Windsor Officials Worry About Call to Close Prison

http://www.wcax.com/story/28604950/windsor-officials-worry-about-call-to-close-prison
 
WINDSOR, Vt. - 
 A sprawling landscape surrounds the Southeast State Correctional Facility in Windsor.

"If you haven't seen this, I don't think it is what anyone would picture as a correctional facility," Windsor Town Manager Tom Marsh said. "There is almost 1,000 acres here."

About 70 of those acres are inside the prison walls. But with the facility's pending closure in 2017, the future of the buildings and all the prison's state-owned farm land is uncertain.

"Windsor isn't here to dictate state policy. That decision can be made in Montpelier," Marsh said. "But nobody is going to be more impacted by the decision to close the prison than the town of Windsor and we deserve a right to be at the table."

The House Appropriations Committee included the prison's closure in its 2016 budget plan to save the state just over $800,000. Lawmakers say the 100-bed facility can be shuttered without having to send inmates out of state.
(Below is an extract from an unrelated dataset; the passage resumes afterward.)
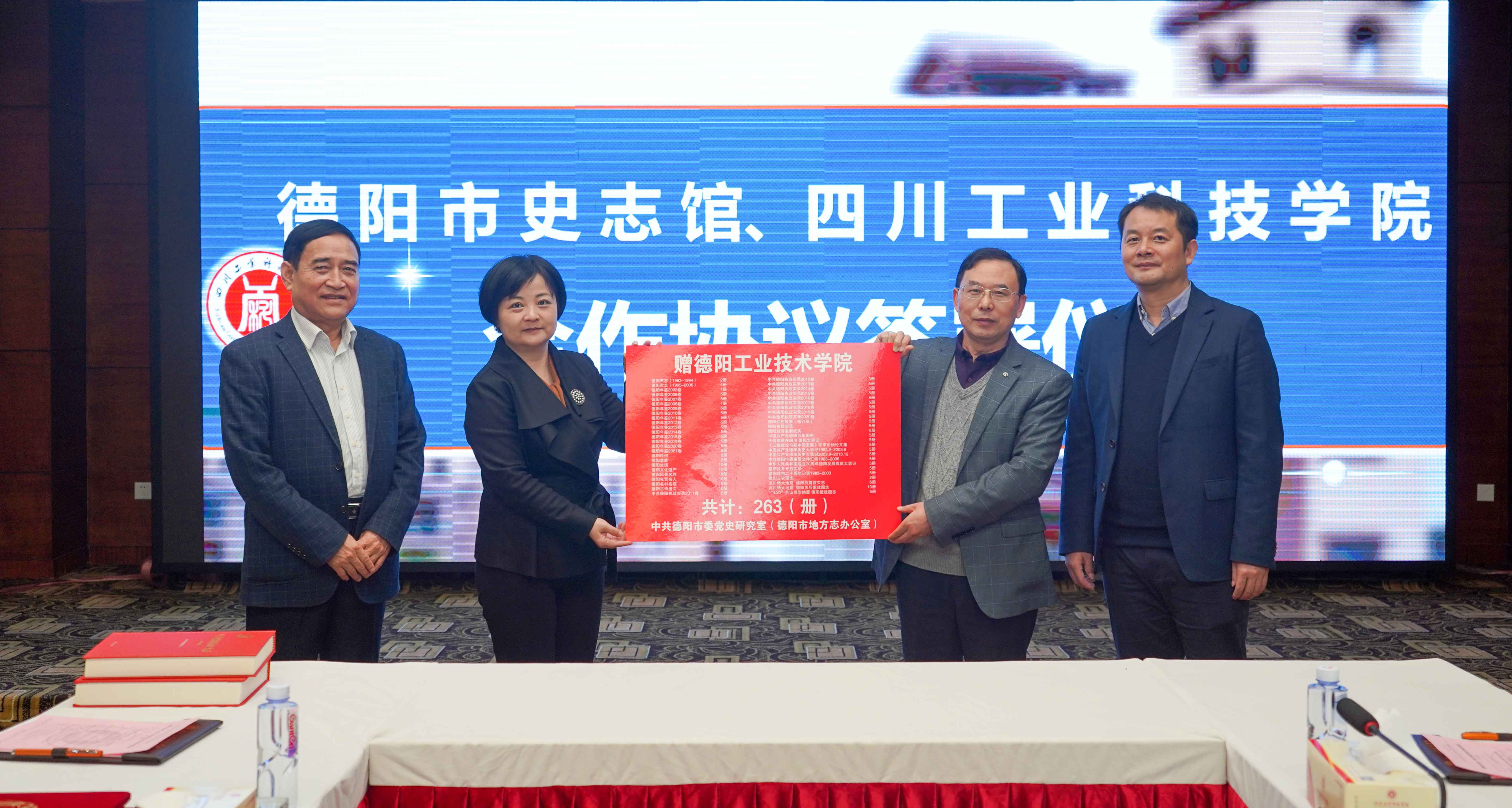 双方签订了合作框架协议。中共德阳市委党史研究室(德阳市地方志办公室)主任杨兆红向学校授予“德阳市史志馆四川工业科技学院分馆”牌匾。杨兆红主任、温剑锋副书记分别代表中共德阳市委党史研究室(德阳市地方志办公室)和罗江区委党史研究室向学校捐赠了志史图书。

But about 60 people would lose their jobs. And how the facility would be decommissioned is something Windsor's town manager says needs to be addressed to prevent it from becoming an abandoned eyesore.

"As far as any outreach from any of the commissions or those making the decisions, I've heard nothing," Marsh said.

Longtime resident Bernie Shaban supports the closure and thinks the facility should be turned into a home for veterans who have no other place to go.

"Not only for the veterans of Vermont but for New England, too. We have six or seven prisons and only one veterans home tucked down in Bennington," Shaban said.

Whatever the future holds, Marsh says the town should have a say.

"How this facility is going to be repurposed, what the use of the land is going to be and how we can turn something that may be a negative into a real social positive," he said.

The public currently has access to a lot of the land, and Marsh says he hopes it will stay that way.